4.5.3. Convergence and Stability Analysis

The stability analysis reveals that GMM-MARL achieves convergence with significantly reduced variance compared to pure RL approaches. The coefficient of variation for performance metrics across multiple runs is 0.12 for GMM-MARL compared to 0.34 for MOOO-RDQN, indicating superior solution consistency. This stability stems from the GMM initialization, which constrains the search space to topologically meaningful regions, see Figure 15.

4.5.4. Practical Deployment Implications

The experimental results have significant implications for practical SD-WAN deployments:

Real-time Adaptation: The sub-millisecond placement times enable real-time network adaptation, supporting dynamic use cases such as traffic-aware controller migration and failure recovery scenarios.

Operational Reliability: The improved stability and convergence characteristics reduce the risk of performance degradation during network transitions, which is critical for maintaining service level agreements in production environments.

5. Limitations and Future Work

While the GMM-MARL framework demonstrates significant performance improvements over existing approaches, several limitations present opportunities for future research advancement. The current implementation assumes quasi-static network conditions with predictable topology changes, which may not fully capture the complexity of production SD-WAN environments where rapid traffic fluctuations and unexpected network events are commonplace.

The increasing adoption of TSN standards in enterprise networks presents significant opportunities for extending the GMM-MARL framework [34]. TSN introduces deterministic latency guarantees and traffic scheduling requirements that current controller placement approaches do not explicitly address [35]. Future research the consideration of TSN-aware controller placement strategies taken into account that consider traffic class priorities, deterministic forwarding paths, and temporal traffic patterns.

A critical limitation of the current framework is the lack of explicit controller failure handling mechanisms. The existing MARL agents operate under the assumption of continuous controller availability, without considering controller failures, network partitions, or controller overload scenarios [36]. Future work should investigate proactive failure prediction mechanisms integrated with the MARL decision-making process, enabling pre-emptive controller migration and load balancing before failures occur.

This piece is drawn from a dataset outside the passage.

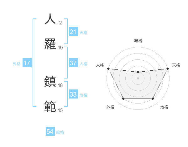 人羅 鎮範さんを姓名の画数から五運を鑑定
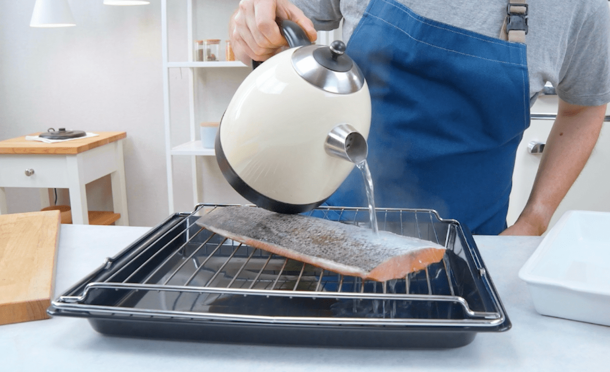 2. Lege anschließend den Lachs auf einen Gitterrost und gieße heißes Wasser über den Fisch. Danach kannst du dessen Haut problemlos abziehen.

Contemporary SD-WAN deployments increasingly span multiple administrative domains and cloud providers, introducing additional complexity in terms of inter-domain coordination, security constraints, and policy enforcement. Future research should extend GMM-MARL to handle federated learning scenarios where controllers in different domains can collaborate while maintaining privacy and security boundaries.

6. Conclusions

This research advances dynamic controller placement optimization through the novel GMM-MARL hybrid framework, addressing fundamental limitations of existing static and learning-based methods. The integration of Gaussian Mixture Model clustering with Multi-Agent Reinforcement Learning achieves superior performance across multiple optimization objectives while maintaining computational efficiency for real-world deployments. Experimental validation delivers compelling results: reduction in latency, improvement in load balancing effectiveness, and computational efficiency gains. The 54% reduction in training time establishes practical viability for operational environments requiring real-time adaptation. Dynamic adaptation experiments confirm robust scalability during network expansion and contraction scenarios, with consistent performance across diverse topologies. The framework’s theoretical contributions extend beyond performance improvements to methodological innovations in multi-objective optimization and distributed learning. The CRITIC-based adaptive weighting eliminates manual parameter tuning while ensuring balanced optimization across competing objectives. The CTDE paradigm enables scalable distributed optimization, addressing critical scalability challenges in large-scale network deployments. Practical implications directly impact SD-WAN deployment strategies, where dynamic controller placement optimization influences network performance, operational costs, and user experience quality.

Author Contributions

The authors confirm the contribution to the paper as follows: Study conception and design: A.M.A. and A.A.; data collection: A.M.A. and B.O.A.; analysis and interpretation of results: A.M.A., A.A., A.R.R. and N.A.W.A.H.; draft manuscript preparation: A.M.A. All authors have read and agreed to the published version of the manuscript.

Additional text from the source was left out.